Moser contends that Unified and HII are liable for eighty-two calls that he allegedly received from Helping Hand and Nationwide (the "Calls") under a theory of agency liability. "[A] defendant may be held vicariously liable for TCPA violations where the plaintiff establishes an agency relationship, as defined by federal common law, between the defendant and a third-party caller." Jones v. Royal Admin. Servs., Inc., 866 F.3d 1100, 1105 (9th Cir. 2017) (quoting Gomez v. Campbell-Ewald Co., 768 F.3d 871, 878 (9th Cir. 2014), aff'd sub nom. Campbell-Ewald Co. v. Gomez, 136 S.Ct. 663 (2016). "Agency is the fiduciary relationship that arises when one person (a `principal') manifests assent to another person (an `agent') that the agent shall act on the principal's behalf and subject to the principal's control, and the agent manifests assent or otherwise consents so to act." Id. (quoting Mavrix Photographs, LLC v. LiveJournal, Inc., 853 F.3d 1020, 1029 (9th Cir. 2017)). "Not all relationships in which one person provides services to another satisfy the definition of agency." Id. (quoting Restatement (Third) Of Agency § 1.01).

For an agency relationship to exist, an agent must have authority to act on behalf of the principal and the person represented must have a right to control the actions of the agent. One theory of agency, actual authority, arises through the principal's assent that the agent take action on the principal's behalf.
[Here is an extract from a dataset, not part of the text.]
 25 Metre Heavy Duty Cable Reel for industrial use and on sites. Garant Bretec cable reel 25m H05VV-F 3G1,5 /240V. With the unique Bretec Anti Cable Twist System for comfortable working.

An agent acts with actual authority when, at the time of taking action that has legal consequences for the principal, the agent reasonably believes, in accordance with the principal's manifestations to the agent, that the principal wishes the agent so to act.
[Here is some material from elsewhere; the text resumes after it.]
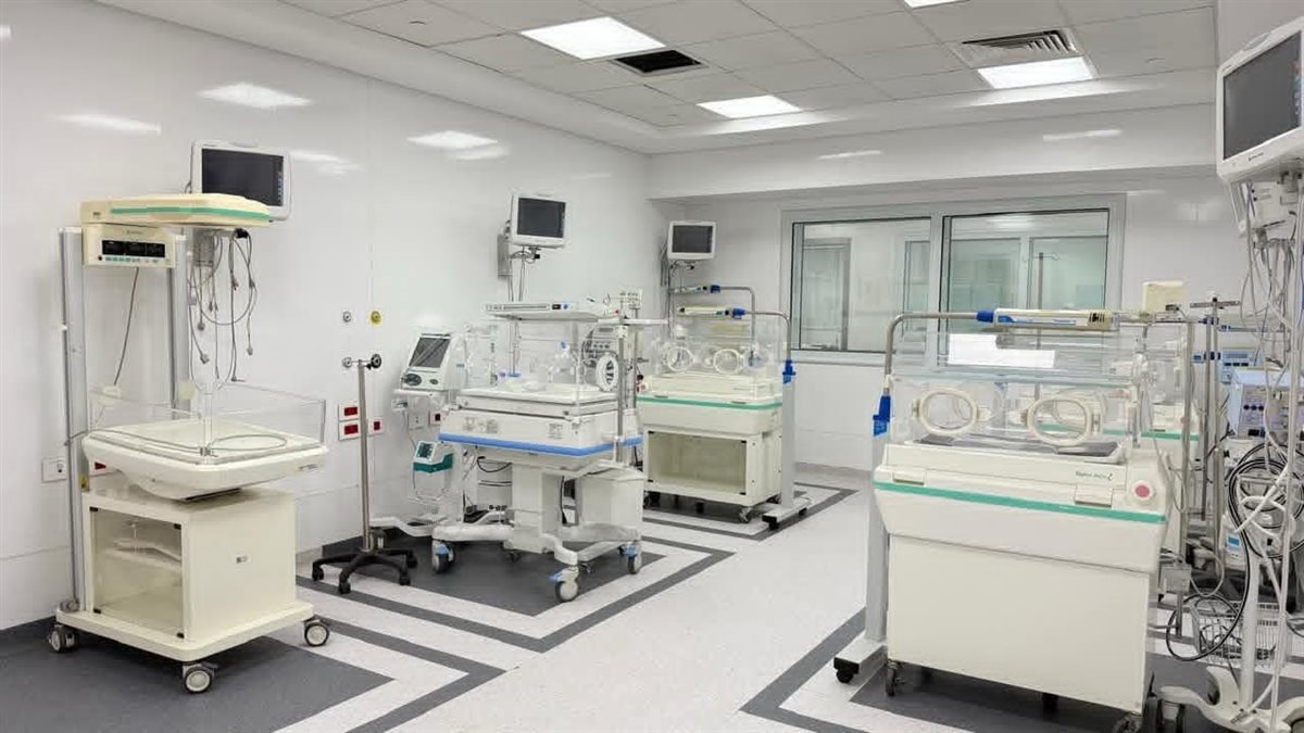 كما تم تشغيل وحدة مناظير حديثة مكوّنة من غرفتي عمليات مجهزتين بالكامل، وتشغيل مبنى الدوران بطاقة 60 سريرًا، ومبنى الطوارئ الجديد بطاقة 42 سرير طوارئ و33 سرير داخلي، وزيادة عدد الحضانات من 8 إلى 26 حضانة، وتشغيل منظار الشعب الهوائية للأطفال وخدمتي رسم المخ ورسم العصب، إضافةً إلى تشغيل أربع غرف عمليات كبرى مجهزة بأحدث الأنظمة الجراحية، وافتتاح العمليات المتقدمة لخدمة الجراحات الدقيقة والمتطورة، وتشغيل قسم نساء وتوليد متكامل يضم غرفة عمليات قيصرية وغرف ولادة طبيعية وغرف ما قبل الولادة.

Id. (citations, quotations, and alterations omitted).

The following ten factors are relevant to whether or not a person providing services under contract qualifies as an agent:

1) the control exerted by the employer, 2) whether the one employed is engaged in a distinct occupation, 3) whether the work is normally done under the supervision of an employer, 4) the skill required, 5) whether the employer supplies tools and instrumentalities [and the place of work], 6) the length of time employed, 7) whether payment is by time or by the job, 8) whether the work is in the regular business of the employer, 9) the subjective intent of the parties, and 10) whether the employer is or is not in business.

Id. (alteration in original) (quoting United States v. Bonds, 608 F.3d 495, 504 (9th Cir. 2010)). The extent of control exercised by the principal is the most important factor. Id. (quoting Bonds, 608 F.3d at 504 (9th Cir. 2010)).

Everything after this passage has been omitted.